Bahkan para ahli menduga bahwa Candi Borobudur sempat ditinggalkan akibat bencana Gunung Merapi yang meletus pada sekitar tahun 1006 Masehi.
Hal ini terjadi ketika Raja Mpu Sindok memindahkan ibu kota Kerajaan Medang ke kawasan Jawa Timur, sehingga Candi Borobudur diperkirakan terlantar antara tahun 928 Masehi dan 1006 Masehi.
Sampai pada sekitar tahun 1365 Masehi, Mpu Prapanca menyebutkan istilah “Wihara di Budur” dalam sebuah naskah berjudul Negarakertagama yang ditulis ketika Kerajaan Majapahit masih berdiri.
Seiring berjalannya waktu, tepatnya hingga abad ke-18, Candi Borobudur sudah tidak digunakan.

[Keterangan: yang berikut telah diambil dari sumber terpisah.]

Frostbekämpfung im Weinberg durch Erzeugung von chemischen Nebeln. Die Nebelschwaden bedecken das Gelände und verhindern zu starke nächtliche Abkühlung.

Dalam banyak naskah Jawa, salah satunya yang berjudul Serat Centhini menyebutkan lokasi candi ini sebagai sebuah bukit atau tempat yang bisa memberikan kematian atau kesialan yang menandakan bahwa tempat ini sudah ditinggalkan sebagai tempat suci agama Buddha.
Dilansir dari laman Balai Konservasi Borobudur, Candi Borobudur ditemukan pada tahun 1814 ketika Sir Thomas Stamford Raffles.

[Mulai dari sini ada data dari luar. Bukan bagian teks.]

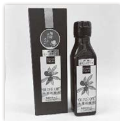
「湘南オリーブ エキストラバージン」 ㈱かねきち
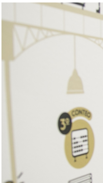
| BOGOTÁ |

¡Anímate a vivir esta experiencia única, elige la ciudad y planea la visita de tus estudiantes!
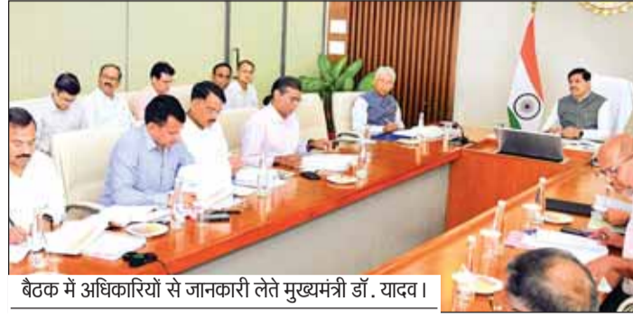
बैठक में अधिकारियों से जानकारी लेते मुख्यमंत्री डॉ. यादव।
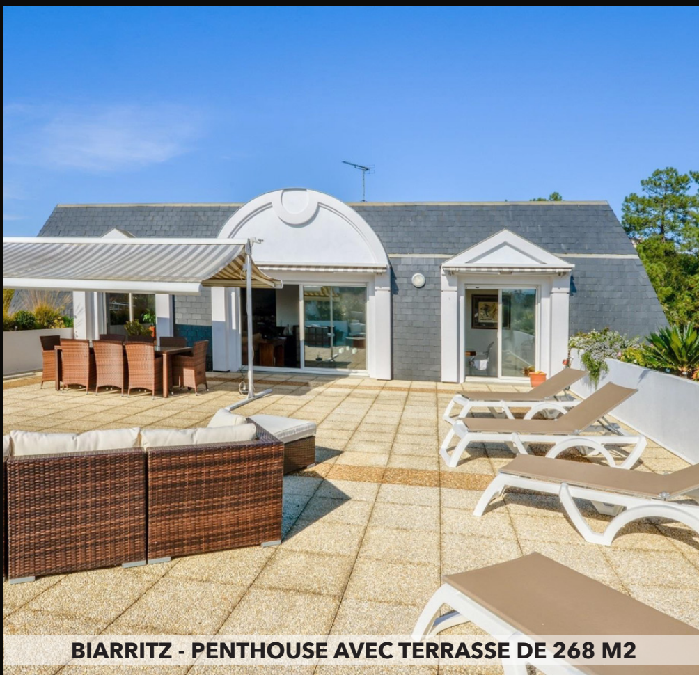
BIARRITZ - PENTHOUSE AVEC TERRASSE DE 268 M2

Saat itu, Sir Thomas Stamford Raffles yang merupakan Gubernur Jenderal Inggris yang menjadi wali negara Indonesia mengadakan kegiatan di Semarang.

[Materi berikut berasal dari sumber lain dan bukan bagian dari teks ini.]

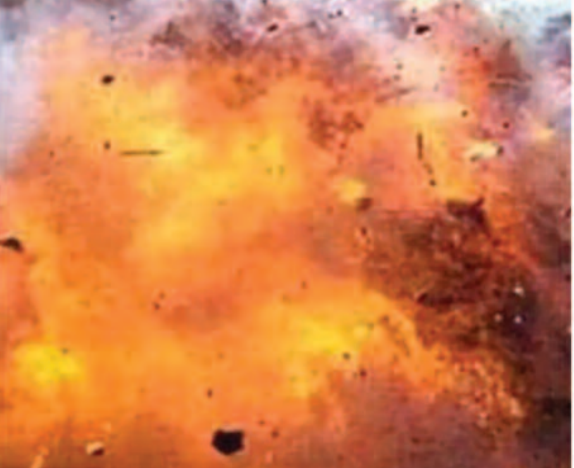
नारायणपुर में कैम्प स्थापित, नक्सली स्मारक ध्वस्त...

रायपुर, 14 नवम्बर 2025। छत्तीसगढ़ में सुरक्षाबलों का नक्सल विरोधी अभियान लगातार जारी है। इस बीच, बीजापुर जिले में नक्सलियों के साथ हुई मुठभेड़ के दौरान आईईडी ब्लास्ट की चपेट में आने से एसटीएफ का एक जवान घायल हो गया, जिसे इलाज के लिए रायपुर रेफर किया गया है। वहीं दूसरी ओर नारायणपुर जिले के अबुलमाड में सुरक्षाबलों ने नया कैम्प स्थापित कर नक्सलियों के भव्य स्मारक को ध्वस्त कर दिया है।

Raffles yang mendapatkan informasi bahwa di daerah Kedu telah ditemukan susunan batu bergambar mengutus Cornelius, yang merupakan seorang Belanda untuk membersihkannya.
Pekerjaan ini dilanjutkan oleh Residen Kedu yang bernama Hartman pada tahun 1835.
Disamping kegiatan pembersihan, Raffles juga mengadakan penelitian khususnya terhadap stupa puncak Candi Borobudur, namun laporan penelitian ini tidak pernah terbit.
Pendokumentasian berupa gambar bangunan dan relief candi dilakukan oleh Wilsen selama 4 tahun sejak tahun 1849, sedangkan dokumen foto dibuat pada tahun 1873 oleh Van Kinsbergen.
Dilansir dari laman Gramedia.com, Sejarawan dan arkeolog sekaligus Ketua Pemugaran Candi Borobudur yang Kedua, Soekmono dalam bukunya berjudul Satu Abad Usaha Penyelamatan Candi Borobudur (1991) menyebutkan bahwa upaya pemotretan relief Borobudur sebenarnya telah dilakukan sejak 1845 oleh juru foto yang bernama Schaefer.
Namun sayangnya hasil foto karya Schaefer dianggap tidak memuaskan, sehingga dokumentasi relief Borobudur digambar secara langsung oleh tangan seorang tentara yang bernama FC Wilsen.
Sementara itu, tulisan yang menjelaskan tentang Borobudur ditulis oleh Brumund disunting hingga disempurnakan oleh Leemans menjadi monografi resmi pada 1873.